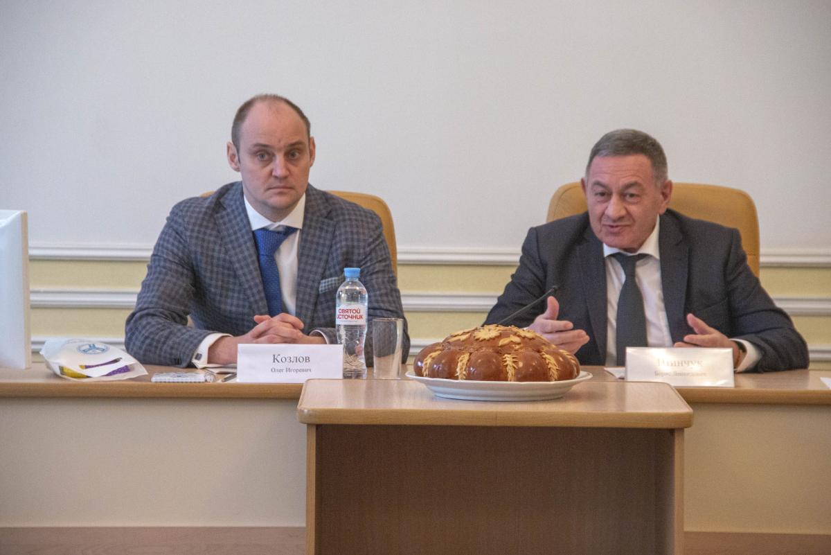 Перед началом круглого стола Борис Шинчук обошел всех в зале и разделил каравай хлеба.
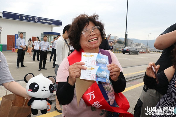 玉環市大麥嶼港對臺海上直航第20萬人次幸運旅客劉細妹獲贈“中遠之星”往返船票一套。
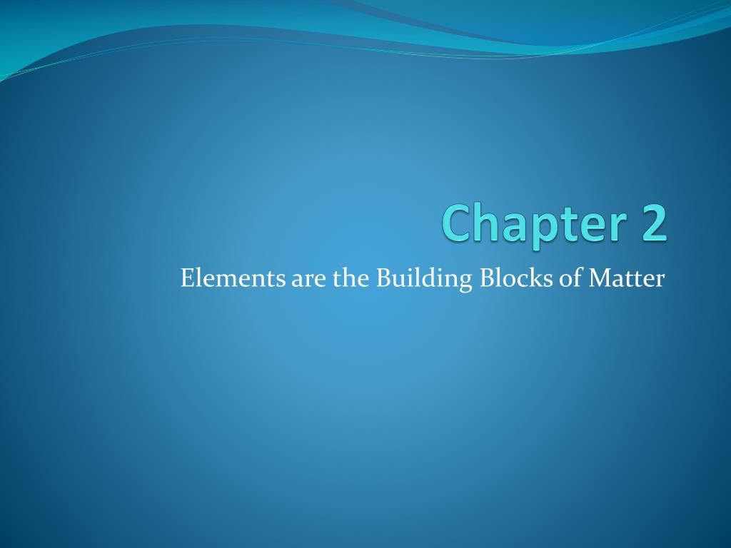 Chapter 2. Elements are the Building Blocks of Matter. Pure Substance . A material that is made up of particles that are identical to each other. (all the same) Have their own set of properties - boiling point, density … Two types of Pure Substances
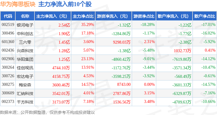 从资金流向上来看,当日华为海思板块主力资金净流出3.08亿元,游资资金净流出2.75亿元,散户资金净流入5.83亿元。华为海思板块个股资金流向见下表:
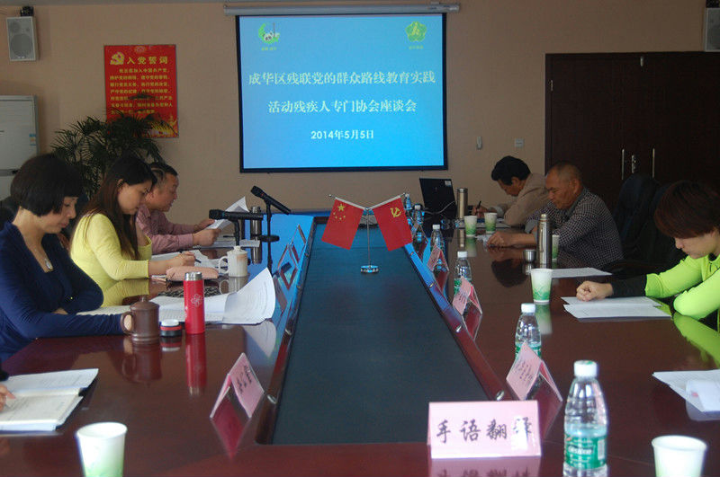 5月5日,为迎接成华区庆祝第二十四次全国助残日,结合当前开展的党的群众路线教育实践活动,区残联组织召开残疾人专门协会座谈
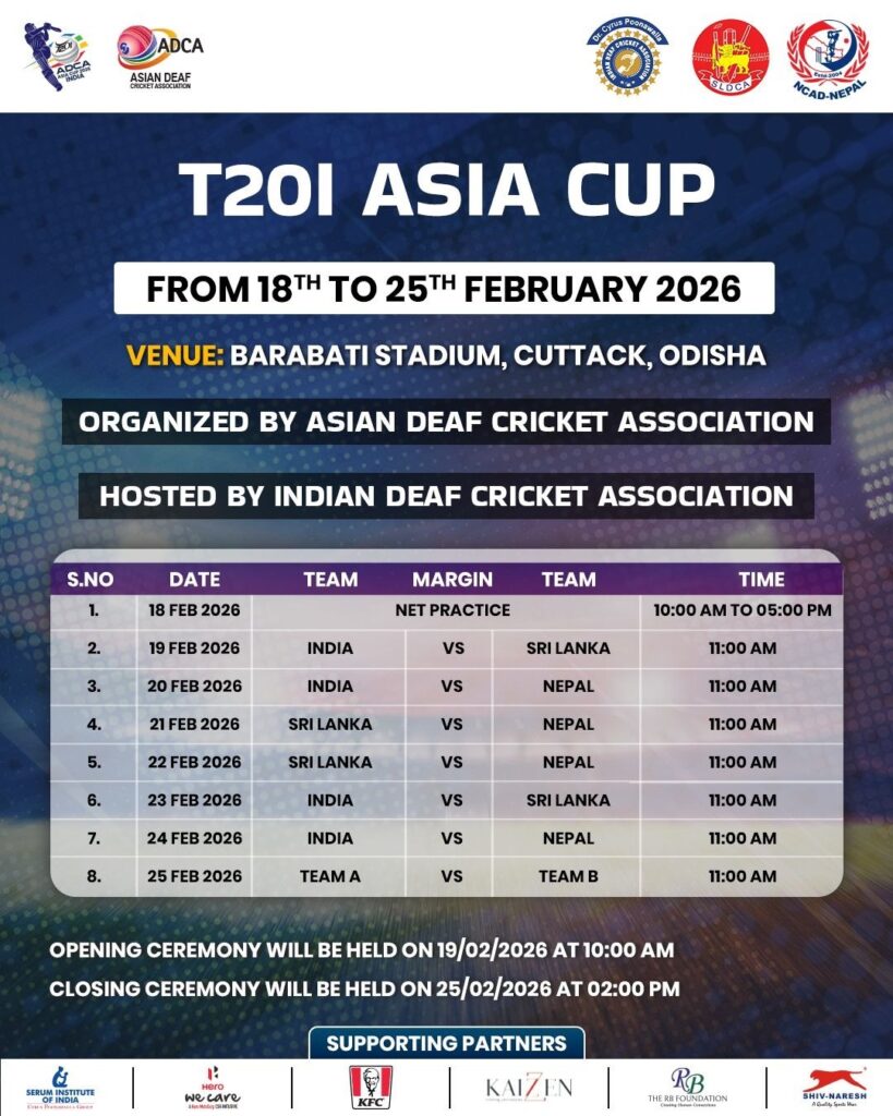 Barabati Stadium in Cuttack to host the Maiden Deaf Cricket Asia Cup 2026
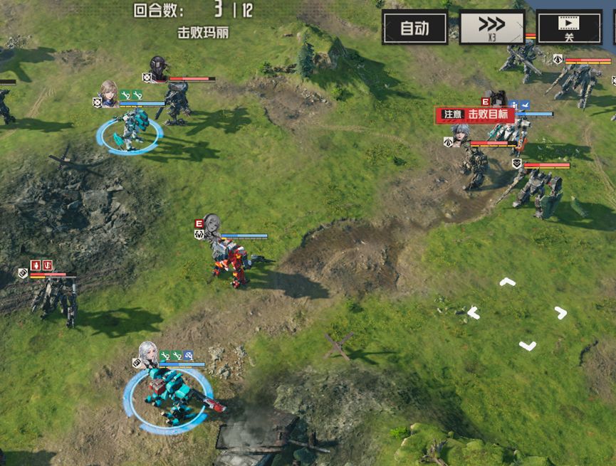 本关目标是消灭玛丽,但如果不管其他敌人,绕过他们直接攻击玛丽,那么雷文和马库斯的处境就会比较危险,也不利于成就的完成,还是需要按部就班,先清理周围敌人,再攻击玛丽,稳步推进。本关头目敌人以及玛丽都能施加核心受损buff,最好是能够由我方先手攻击,一旦被施加buff,想要将他们消灭就比较困难。最后,需要注意的是,玛丽不免疫宕机,将其宕机,会比较容易消灭她

**WORK INSTRUCTION**
Pictures do not go in the copy. Write out exactly the lines from the line containing "从资金流向上来看,当日华为海" through the last line of the listing.

**EXERCISE ANSWER**
 从资金流向上来看,当日华为海思板块主力资金净流出3.08亿元,游资资金净流出2.75亿元,散户资金净流入5.83亿元。华为海思板块个股资金流向见下表:
 5月5日,为迎接成华区庆祝第二十四次全国助残日,结合当前开展的党的群众路线教育实践活动,区残联组织召开残疾人专门协会座谈
 Barabati Stadium in Cuttack to host the Maiden Deaf Cricket Asia Cup 2026
 本关目标是消灭玛丽,但如果不管其他敌人,绕过他们直接攻击玛丽,那么雷文和马库斯的处境就会比较危险,也不利于成就的完成,还是需要按部就班,先清理周围敌人,再攻击玛丽,稳步推进。本关头目敌人以及玛丽都能施加核心受损buff,最好是能够由我方先手攻击,一旦被施加buff,想要将他们消灭就比较困难。最后,需要注意的是,玛丽不免疫宕机,将其宕机,会比较容易消灭她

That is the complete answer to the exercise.